Conscripts without any rights
The unwritten contract between the soldier and the IDF says that the conscript gives three years of his life and, in return, the army will take care of all his needs. In reality, the military carries out only the first part of the contract and tramples unmitigatedly on the second part.
In the State of Israel, everyone is deprived - the poor are deprived, those without apartments are deprived, young couples are deprived, single parents are deprived, women are deprived, the Bedouin are deprived, doctors are deprived and even the ultra-Orthodox and settlers feel they are deprived.
But there is one sector which all will unanimously agree is deprived. The discrimination against it cries out loud and clear. However, since it is not permitted to open its mouth, the country makes fun of it and exploits it in a disgraceful way.
We are talking about the conscripts to the Israel Defense Forces. They serve in the army (the boys for three years and the girls for two), endanger their health and their lives, and lose years of work and studies, but the IDF pays them peanuts - far less than they deserve.
The unwritten contract between the soldier and the IDF says that the conscript gives three years of his life and, in return, the army will take care of all his needs. In reality, the military carries out only the first part of the contract and tramples unmitigatedly on the second part. After all, it is clear that no soldier can make do with NIS 350 per month, which is the wage of a soldier who does not serve in a combat unit. It is also not possible to do very much with the NIS 650 monthly salary of a combat soldier. After all, these are young people who also want to live a little, have some fun, buy clothes now and then, eat out once in a while, or pay for their cellular telephone. So anyone who does not have parents who can support him is in a sorry and humiliating situation.
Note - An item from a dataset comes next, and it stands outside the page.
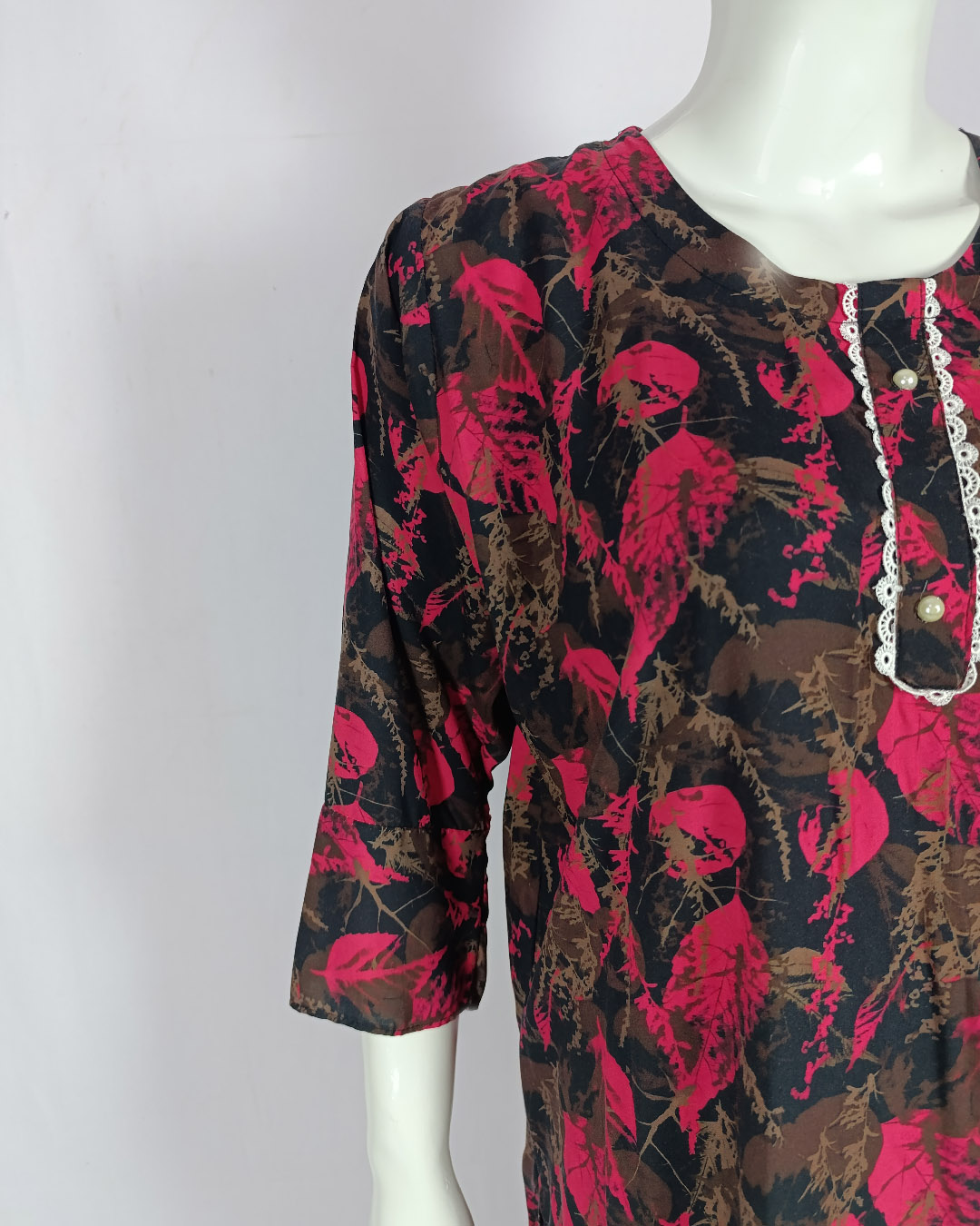 👗 Shirt: Printed malai linen shirt with lace detailing – elegant & comfortable

As a result of this, many soldiers are forced to work during their regular service. The IDF's manpower division receives a great many requests from conscripts who wish to take a special vacation in order to work because of "the difficult economic situation at home." There are even soldiers who desert so that they can go to work. The Hazit Ve'oref Lev Ehad (One Heart for Front and Hinterland ) non-profit organization says that dozens of soldiers apply every month for help in finding suitable work during a vacation. Is there anything more absurd than that?
It becomes even more annoying when it transpires that the ultra-Orthodox youngsters who evade military service get better conditions from the state than the soldiers. They receive a stipend of NIS 900 every month as well as NIS 2,500 directly from the Kolel [a yeshiva for married students], from a budget which comes mainly from the state. That is to say, young ultra-Orthodox men receive NIS 3,400, as opposed to conscripts who receive NIS 350 or NIS 650. Is there a greater scandal than that?
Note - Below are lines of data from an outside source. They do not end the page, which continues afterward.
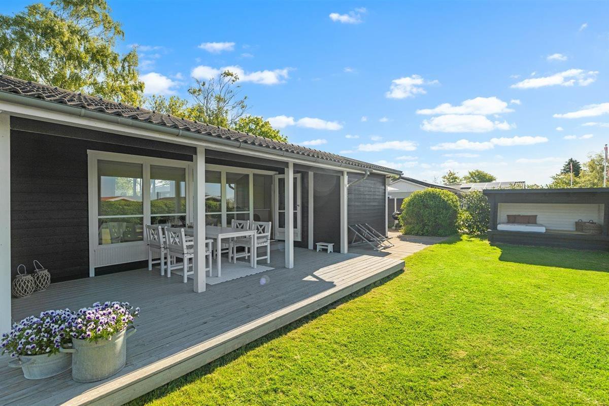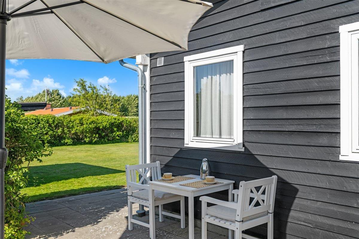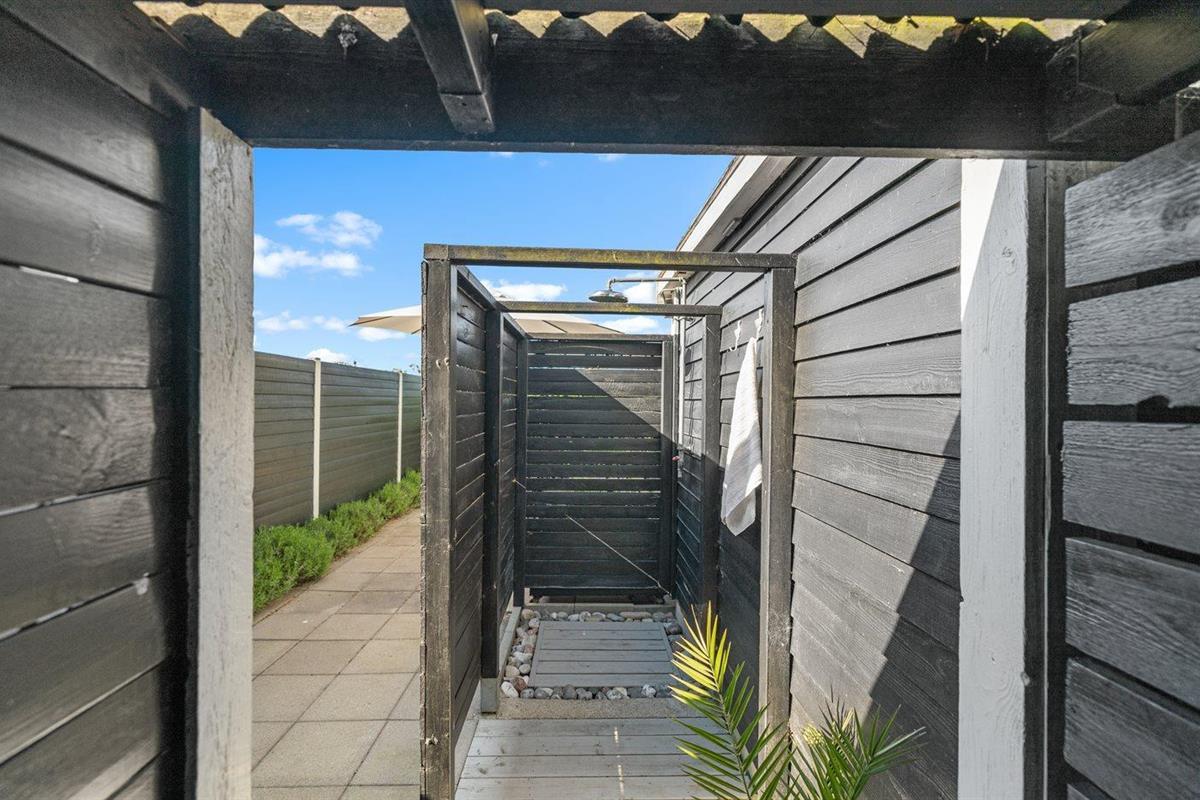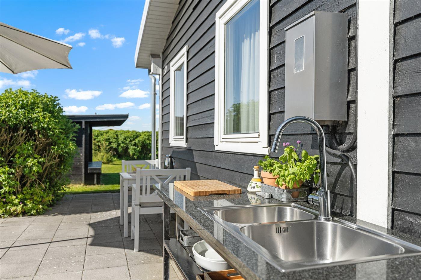 De vakantiewoning is gelegen op een 800 m² groot aangelegde tuin. Afstand tot de zee 140 m. Dichtstbijzijnde winkel 2000 m. Bij de vakantiewoning hoort 40 m² terras. Daarnaast is er een 20 m² groot overdekt terras. Shelter. Buitendouche. U kunt buiten een maaltijd bereiden in de buitenkeuken. Barbecue. Parkeerplaats bij het huis.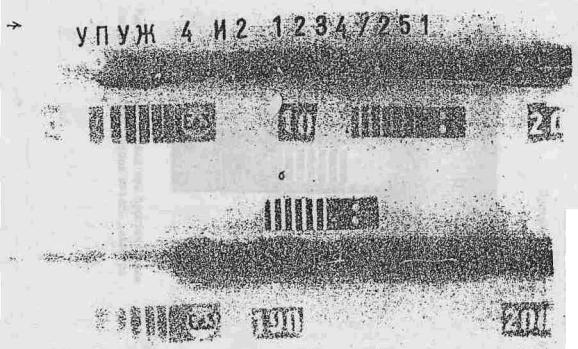 1. На снимке видны изображения двух продольных трещин, длина которых 10 мм, а глубина 20% толщины основного металла; непровара по кромке длиной 100 мм и глубиной 7%; одного шлакового включения с максимальным размером 5 мм и глубиной 10%; цепочки пор длиной 25 мм с диаметром поры 2 мм и глубиной 5%. При расшифровке этого снимка производят следующую запись: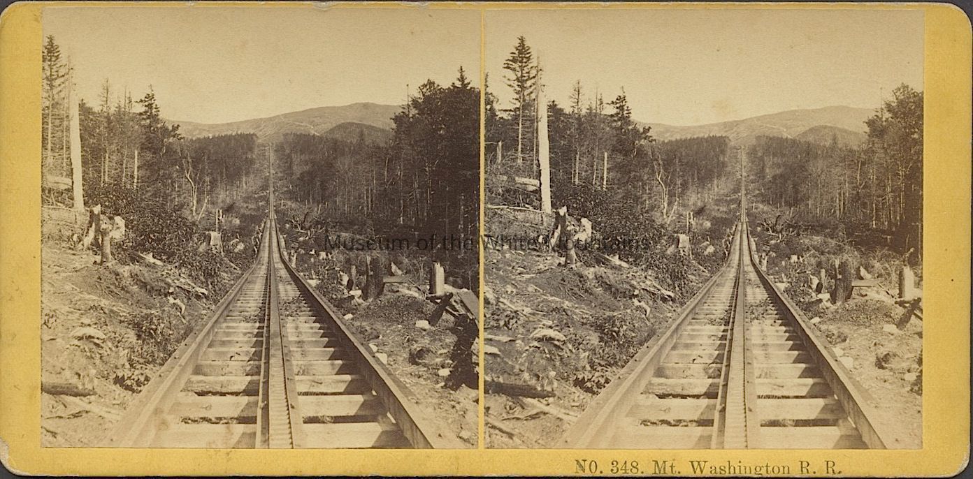 Washington, Mount (Coos county, New Hampshire : mountain), Mount Washington Cog Railway, railroad tracks, mountains, tree stumps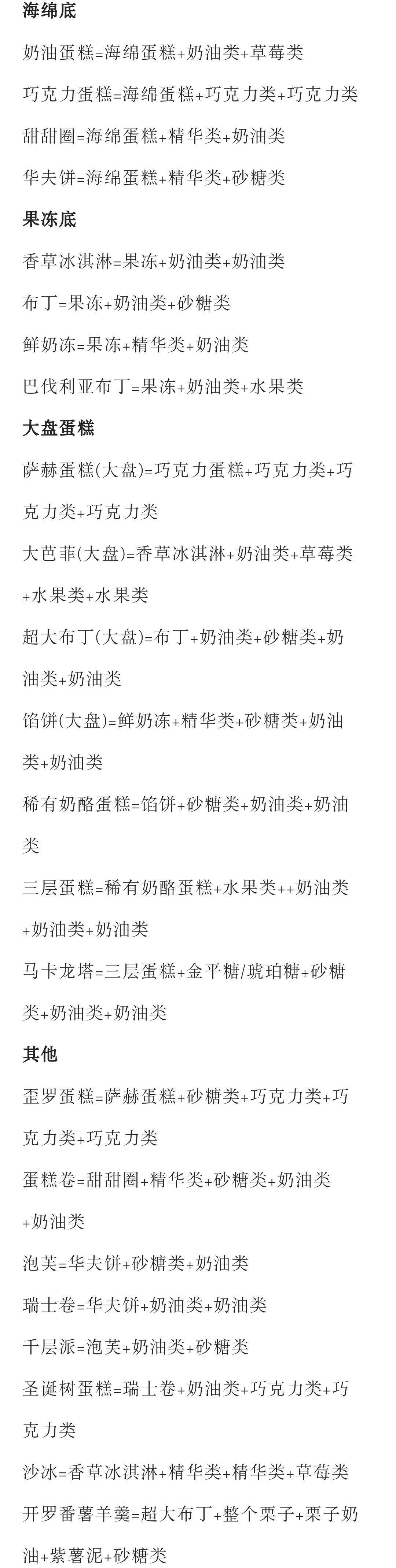 不同类型蛋糕的配方,以及食材的分类,来自九游,分享给大家看看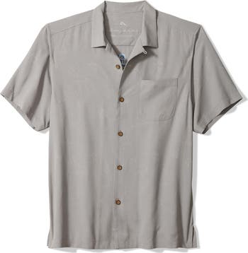 Leafy palm trees wave in pale jacquard and brilliant colors on a camp shirt featuring an embroidered boat, an emotional anchor and a relaxed, calming spirit. Made of cool Chinese silk, it takes you from enjoying the waves to relaxing in the shade in easy comfort.

The state, which realizes the injustice, tries to find different ways to compensate the soldiers after their discharge. It gives them a certain exemption from tax as well as benefits and loans for housing and studies. That is a bad way to save one's conscience. That is paternalism on the part of the government. Because different people have different tastes and perhaps there is someone who does not want to study but would rather take a trip around the world? Would we agree to accept a parcel of products chosen by our employer instead of wages?
Therefore the only correct way is to pay every soldier, girl or boy, a decent salary every month. Those who serve longer should be paid more. Without bureaucracy and without paternalism. Simply a fair wage that should be derived from the minimum wage, which today stands at NIS 4,100 per month. It would be preferable for them to get a full minimum wage, but if that is impossible because of budgetary problems, let them get NIS 2,000 to NIS 3,000 per month. That sum would make it possible to live reasonably during their service and perhaps even to save up for the day when they are released.
Under the present conditions, conscripts both endanger their lives and lose a possible income. But the moment they get a fair wage, the onus on them will diminish. A decent income would also make military service more attractive and decrease the desire to want to evade it - and I am not referring only to the ultra-Orthodox.
A fair wage also has another advantage - it will lead the IDF to realize that a soldier is not some kind of merchandise that is almost free, and that it is worthwhile economizing on the number of soldiers in order to save money in the budget. Perhaps then there will be a proposal to shorten the service for both girls and boys - and that will indeed be a real economic gain for the economy that will find expression in a rise in the GDP.
This coming Monday, Manuel Trajtenberg is due to publish his report following the social protest. Perhaps it would be worthwhile for him to devote a few words also to the conscripts.